YOUR OBJECTIVE:
As an exercise, transcribe the data below in full and exactly, omitting pictures.
-------- THE INPUT
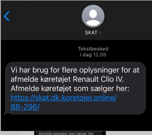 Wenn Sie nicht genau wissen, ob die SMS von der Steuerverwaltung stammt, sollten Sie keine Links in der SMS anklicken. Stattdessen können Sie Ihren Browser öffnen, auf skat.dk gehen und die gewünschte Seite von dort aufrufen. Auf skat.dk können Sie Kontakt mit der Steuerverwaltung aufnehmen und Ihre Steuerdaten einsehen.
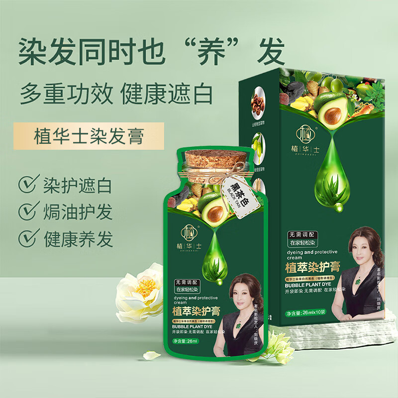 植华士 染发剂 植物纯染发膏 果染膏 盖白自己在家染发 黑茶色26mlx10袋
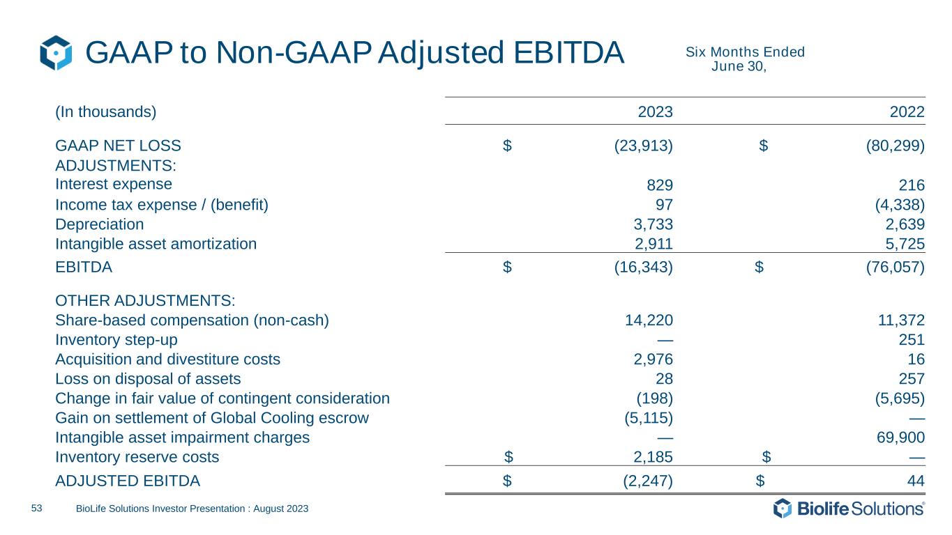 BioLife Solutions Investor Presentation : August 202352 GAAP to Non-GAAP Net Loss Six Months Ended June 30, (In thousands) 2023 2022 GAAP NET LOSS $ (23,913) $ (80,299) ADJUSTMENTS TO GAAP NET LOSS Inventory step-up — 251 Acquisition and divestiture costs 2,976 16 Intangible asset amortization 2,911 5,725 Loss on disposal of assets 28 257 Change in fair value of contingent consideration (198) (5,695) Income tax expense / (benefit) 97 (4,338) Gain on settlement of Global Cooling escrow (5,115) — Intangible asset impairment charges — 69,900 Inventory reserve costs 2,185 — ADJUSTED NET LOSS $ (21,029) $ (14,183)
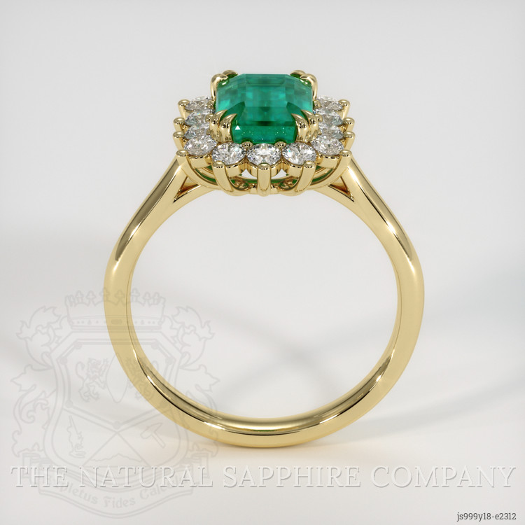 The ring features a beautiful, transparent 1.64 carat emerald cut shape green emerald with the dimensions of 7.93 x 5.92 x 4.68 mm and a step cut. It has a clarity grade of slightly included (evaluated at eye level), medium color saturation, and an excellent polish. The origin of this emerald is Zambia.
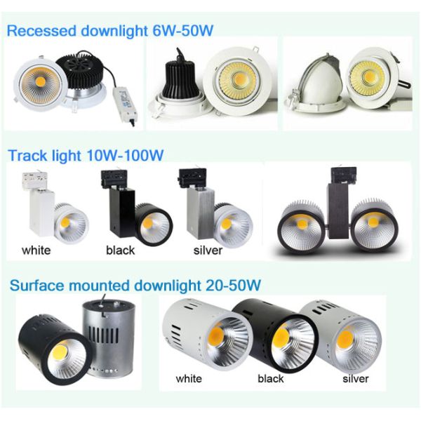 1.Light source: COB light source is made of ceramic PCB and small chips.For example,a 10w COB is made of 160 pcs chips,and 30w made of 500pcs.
----------------
EXERCISE SOLUTION:
 Wenn Sie nicht genau wissen, ob die SMS von der Steuerverwaltung stammt, sollten Sie keine Links in der SMS anklicken. Stattdessen können Sie Ihren Browser öffnen, auf skat.dk gehen und die gewünschte Seite von dort aufrufen. Auf skat.dk können Sie Kontakt mit der Steuerverwaltung aufnehmen und Ihre Steuerdaten einsehen.
 植华士 染发剂 植物纯染发膏 果染膏 盖白自己在家染发 黑茶色26mlx10袋
 BioLife Solutions Investor Presentation : August 202352 GAAP to Non-GAAP Net Loss Six Months Ended June 30, (In thousands) 2023 2022 GAAP NET LOSS $ (23,913) $ (80,299) ADJUSTMENTS TO GAAP NET LOSS Inventory step-up — 251 Acquisition and divestiture costs 2,976 16 Intangible asset amortization 2,911 5,725 Loss on disposal of assets 28 257 Change in fair value of contingent consideration (198) (5,695) Income tax expense / (benefit) 97 (4,338) Gain on settlement of Global Cooling escrow (5,115) — Intangible asset impairment charges — 69,900 Inventory reserve costs 2,185 — ADJUSTED NET LOSS $ (21,029) $ (14,183)
 The ring features a beautiful, transparent 1.64 carat emerald cut shape green emerald with the dimensions of 7.93 x 5.92 x 4.68 mm and a step cut. It has a clarity grade of slightly included (evaluated at eye level), medium color saturation, and an excellent polish. The origin of this emerald is Zambia.
 1.Light source: COB light source is made of ceramic PCB and small chips.For example,a 10w COB is made of 160 pcs chips,and 30w made of 500pcs.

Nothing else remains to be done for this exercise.